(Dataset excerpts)
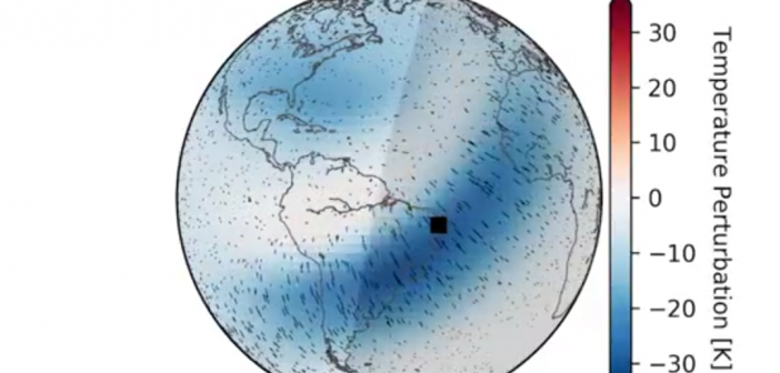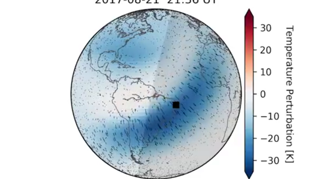 La sonda ha registrato un’onda in movimento nella termosfera dopo mezz’ora pasato il tramonto a São João do Cariri, praticamente 55 minuti dopo la fine dell’eclissi totale, come il team ha riportato il 24 aprile in uno studio comparso su Geophysical Research Letters . L’onda è stata prodotta dal movimento dell’ombra della luna, che ha raffreddato l’atmosfera sottostante. Quel punto freddo poi si è comportato come lo scarico di un lavandino, risucchiando l’aria più calda davanti a sé e causando un’increspatura nell’atmosfera mentre il punto freddo si muoveva attraverso il globo.
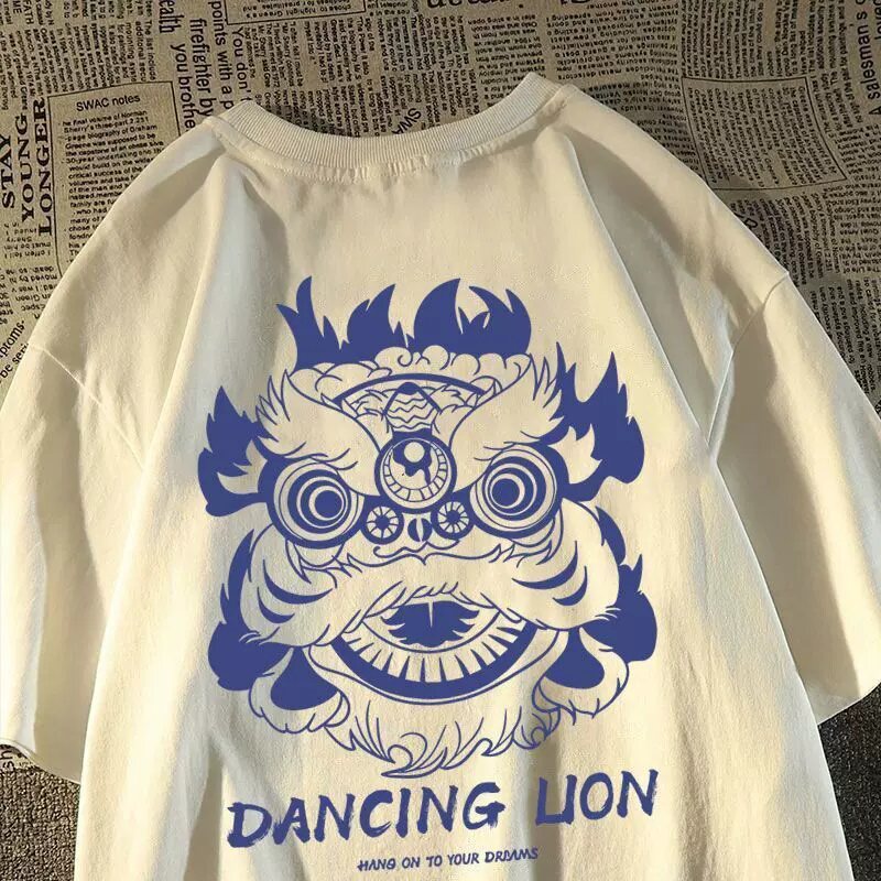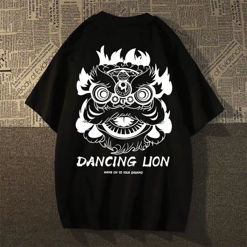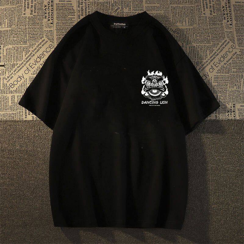 宽松百搭圆领青少年上衣服 夏季 重磅纯棉潮牌印花白色短袖 T恤男士
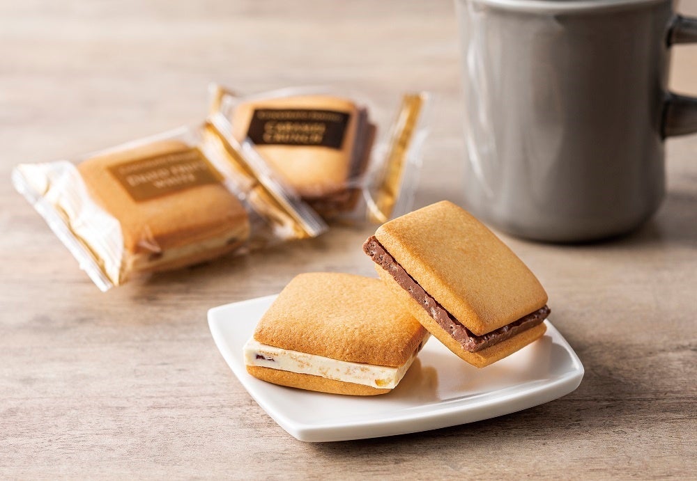 サクサクとした食感のミルクチョコとホワイトチョコのクッキーサンド。
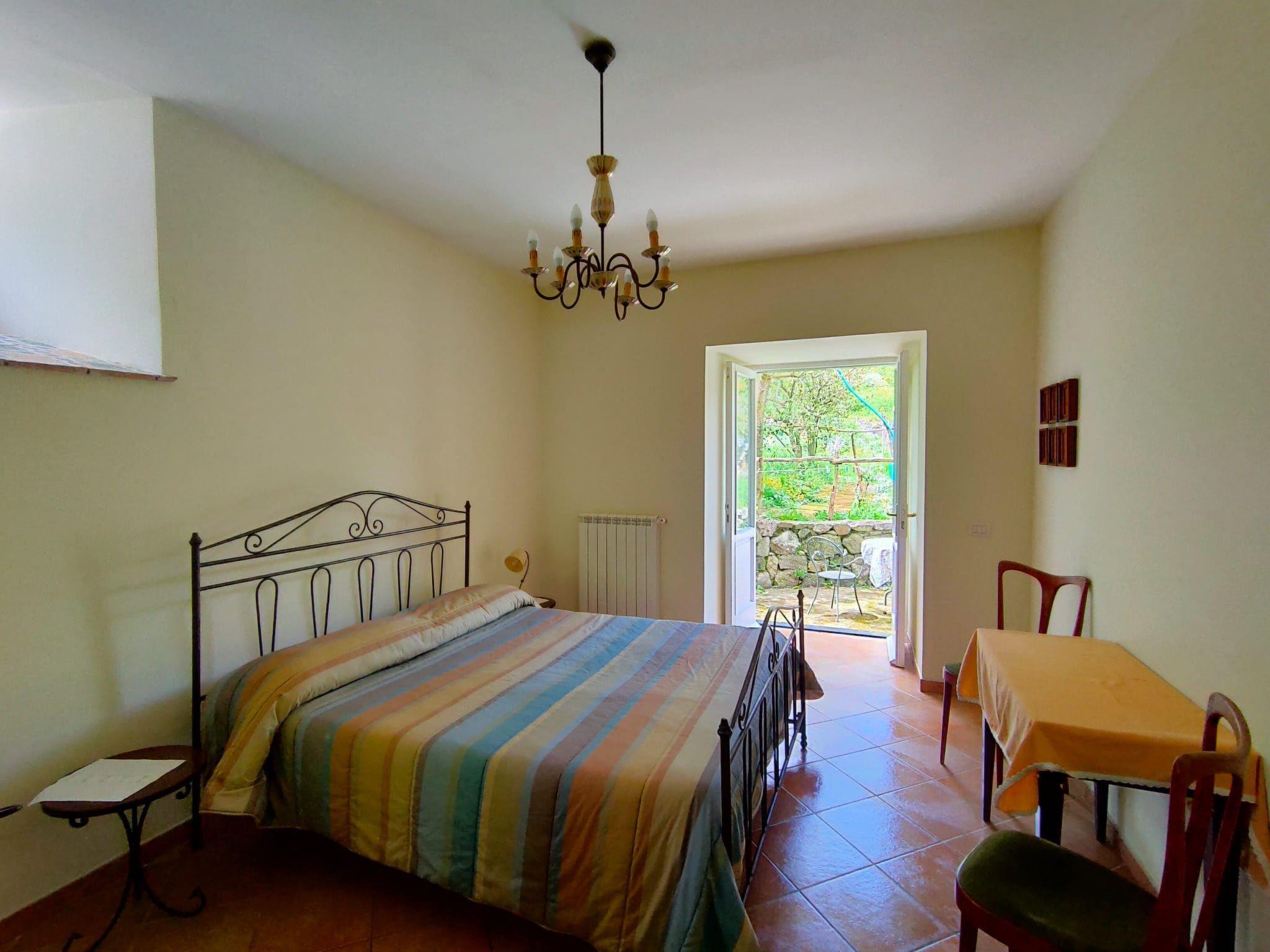 Das Doppelzimmer befindet sich im Bauernhaus. Es hat einen eigenen Eingang und einen Außenbereich in einem Zitronengarten. Das Bauernhaus liegt an einer alten, ruhigen kleinen Straße, die die Colli di Fontanelle mit dem Weiler Trasaelle verbindet, zwei Teile der gleichen Gemeinde Sant'Agnello. Der Ort ist wirklich friedlich und in einen Garten mit Olivenbäumen eingebettet, der sich über die Vorderseite des Hauses und seine Terrassen erstreckt, die zu einem kleinen Haselnusshain hin abfallen. Vom Garten und vom Speisesaal aus, wo wir unseren Gästen das Frühstück servieren, hat man einen Blick auf den Golf von Neapel und den Vesuv.
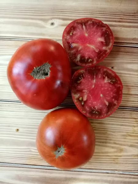 Плоды имеют классическую плоскоокруглую форму, которая часто сопровождается выраженной, иногда даже гофрированной ребристостью в области плодоножки. Эта ребристость – характерный сортовой признак, подчеркивающий «старомодный» облик томата. В разрезе открывается многокамерная, очень мясистая мякоть с небольшим количеством семян.
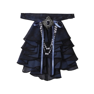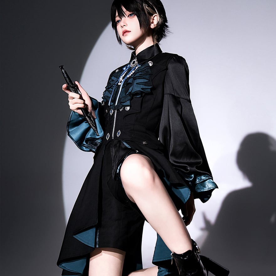 麗人 男装 セットアップ 王子系 黒×ブルー ロングジャケット フリルシャツ ハーフパンツ

▶ **ABOUT THIS TASK**
Return an exact transcription of the entries above, excluding each image.

▶ **OUTPUT**
 La sonda ha registrato un’onda in movimento nella termosfera dopo mezz’ora pasato il tramonto a São João do Cariri, praticamente 55 minuti dopo la fine dell’eclissi totale, come il team ha riportato il 24 aprile in uno studio comparso su Geophysical Research Letters . L’onda è stata prodotta dal movimento dell’ombra della luna, che ha raffreddato l’atmosfera sottostante. Quel punto freddo poi si è comportato come lo scarico di un lavandino, risucchiando l’aria più calda davanti a sé e causando un’increspatura nell’atmosfera mentre il punto freddo si muoveva attraverso il globo.
 宽松百搭圆领青少年上衣服 夏季 重磅纯棉潮牌印花白色短袖 T恤男士
 サクサクとした食感のミルクチョコとホワイトチョコのクッキーサンド。
 Das Doppelzimmer befindet sich im Bauernhaus. Es hat einen eigenen Eingang und einen Außenbereich in einem Zitronengarten. Das Bauernhaus liegt an einer alten, ruhigen kleinen Straße, die die Colli di Fontanelle mit dem Weiler Trasaelle verbindet, zwei Teile der gleichen Gemeinde Sant'Agnello. Der Ort ist wirklich friedlich und in einen Garten mit Olivenbäumen eingebettet, der sich über die Vorderseite des Hauses und seine Terrassen erstreckt, die zu einem kleinen Haselnusshain hin abfallen. Vom Garten und vom Speisesaal aus, wo wir unseren Gästen das Frühstück servieren, hat man einen Blick auf den Golf von Neapel und den Vesuv.
 Плоды имеют классическую плоскоокруглую форму, которая часто сопровождается выраженной, иногда даже гофрированной ребристостью в области плодоножки. Эта ребристость – характерный сортовой признак, подчеркивающий «старомодный» облик томата. В разрезе открывается многокамерная, очень мясистая мякоть с небольшим количеством семян.
 麗人 男装 セットアップ 王子系 黒×ブルー ロングジャケット フリルシャツ ハーフパンツ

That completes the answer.